Muslims of Medieval Latin Christendom
Written by: Brian A. Catlos
Brian A. Catlos, the author of Muslims of Medieval Latin Christendom, c.1050–1614, explains the history and legacy of Muslims in medieval Europe.
While everyone knows that there was a Jewish minority in Medieval Europe, few people aside from scholarly specialists are aware that communities of free Muslims could also be found across the Christian world of the Middle Ages – mostly in Mediterranean lands, but also Eastern Europe. While most of these communities may have only lasted a couple of centuries (i.e.: the brief interval since the founding of the United States until today), some lasted into and beyond the seventeenth century. In the Spanish lands these people were known as mudejares: “those who stayed behind,” and once they had been forced to convert to Christianity, between 1500 and 1526, they were known as “Moriscos.”

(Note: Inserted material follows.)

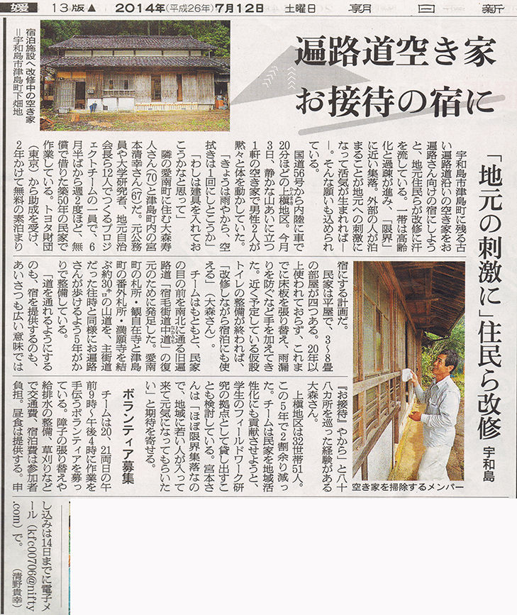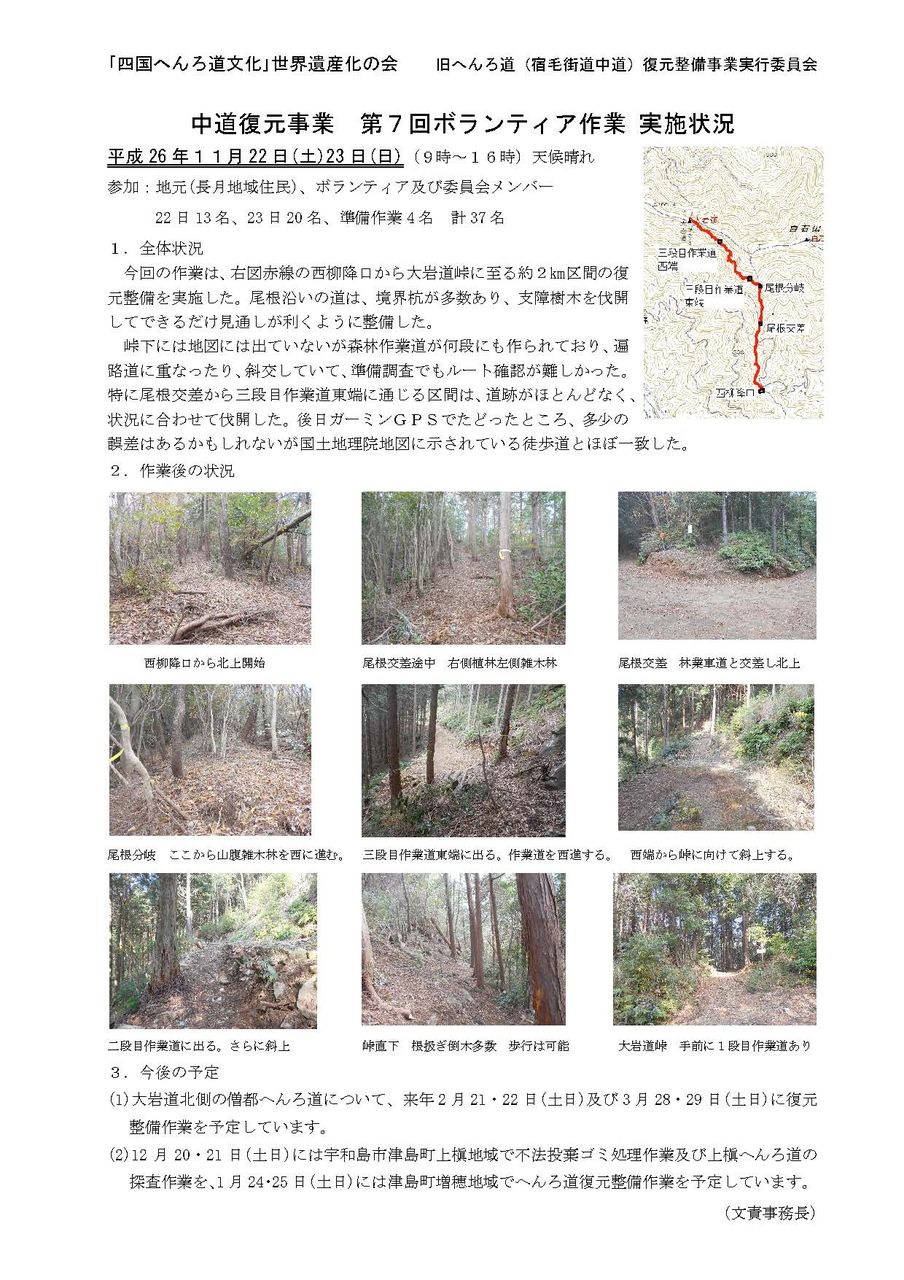 中道復元事業 第7回ボランティア作業 実施状況 平成26年11月29日 2014年11月29日 |お知らせ 上槇プロジェクト ボランティア作業(第2回) 実施状況 平成26年7月25日 2014年07月25日 |お知らせ 旧遍路道の復元事業が朝日新聞に取り上げられました。 2014年07月22日 旧へんろ道(宿毛街道中道)復元整備事業実行委員会が旧遍路道の復元に取り組んでいる愛南町の上槇地区で、お遍路さんの宿泊施設として旧家を再利用する活動が、朝日新聞の愛媛県版(7月12日付)に掲載されました。宮本委員長と大森事務長が紹介されています。 |お知らせ «1...2122232425» 最新記事 お接待報告(10月13日) お知らせ(平和への祈り8・15) お接待報告(7月12日) 「四国へんろ道文化」世界遺産化の会の2025年度(令和7年度)の通常総会を7月6日に開催いたしました。 NPO法人遍路とおもてなしのネットワークの総会に参加しました。 カテゴリー フォーラム (12) 活動報告 (12) イベント (14) へんろ道復元 (25) 世界遺産 (3) お接待 (5) 月別アーカイブ 2025年10月 2025年07月 2025年06月 2025年05月 2025年03月 2025年01月 2024年11月 2024年10月 2024年09月 2024年07月 2022年03月 2021年09月 2021年07月 2021年03月 2020年08月 2020年03月 2019年05月 2019年04月 2019年03月 2019年01月 2018年06月 2018年04月 2018年03月 2017年05月 2017年03月 2017年02月 2016年11月 2016年09月 2016年06月 2016年05月 2016年04月 2016年03月 2016年02月 2016年01月 2015年12月 2015年11月 2015年09月 2015年07月 2015年06月 2015年05月 2015年04月 2015年03月 2015年01月 2014年12月 2014年11月 2014年07月 2014年04月 2014年02月 2014年01月 2013年11月 2013年09月

A lot of great scholarship has been done on the communities of various regions and various locales, and on various aspects of mudéjar and Morisco history, but until now, no single study has looked at the overall history of the Muslim minority in the medieval era or analyzed the Muslim minority as a phenomenon.
It’s a subject, I think, that should be of great interest, not only because Muslims made a significant contribution to the development of many aspects of European culture and society, but because it has an obvious relevance to issues and controversies being played out in Anglo-European societies today. The fact that the fates of the various regional Muslim communities in the Medieval West were so different, and followed different timelines and arcs of experience, shows that shifts in ideology or “Christian intolerance” cannot explain how at times these societies throve, while at others, they came under attack or were repressed or destroyed.

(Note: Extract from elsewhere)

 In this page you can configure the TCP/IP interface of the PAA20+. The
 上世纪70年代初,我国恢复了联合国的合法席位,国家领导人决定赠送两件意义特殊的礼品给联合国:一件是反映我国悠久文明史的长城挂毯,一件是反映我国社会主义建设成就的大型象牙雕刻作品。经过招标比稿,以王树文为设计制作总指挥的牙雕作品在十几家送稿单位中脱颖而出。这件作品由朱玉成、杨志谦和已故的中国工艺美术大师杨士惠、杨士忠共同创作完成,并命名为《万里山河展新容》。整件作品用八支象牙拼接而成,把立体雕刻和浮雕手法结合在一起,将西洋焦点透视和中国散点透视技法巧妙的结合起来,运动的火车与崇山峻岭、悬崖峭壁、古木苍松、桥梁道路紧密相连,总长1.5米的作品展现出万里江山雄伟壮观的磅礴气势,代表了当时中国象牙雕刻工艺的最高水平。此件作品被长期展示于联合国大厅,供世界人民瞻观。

Mostly, Christians, Muslims and Jews got along pretty well when they were living shoulder-to-shoulder, mixing with an ease and intimacy that the self-declared moral leaders of their communities often found alarming. For me, an intriguing question is: why, or under what circumstances, is ethno-religious identity brought to the forefront within mixed communities, and used as a rationale for violence and exclusion among individuals who had previously lived in apparent harmony? This book doesn’t answer this question directly, but I think it provides some clues as to how this dynamic works.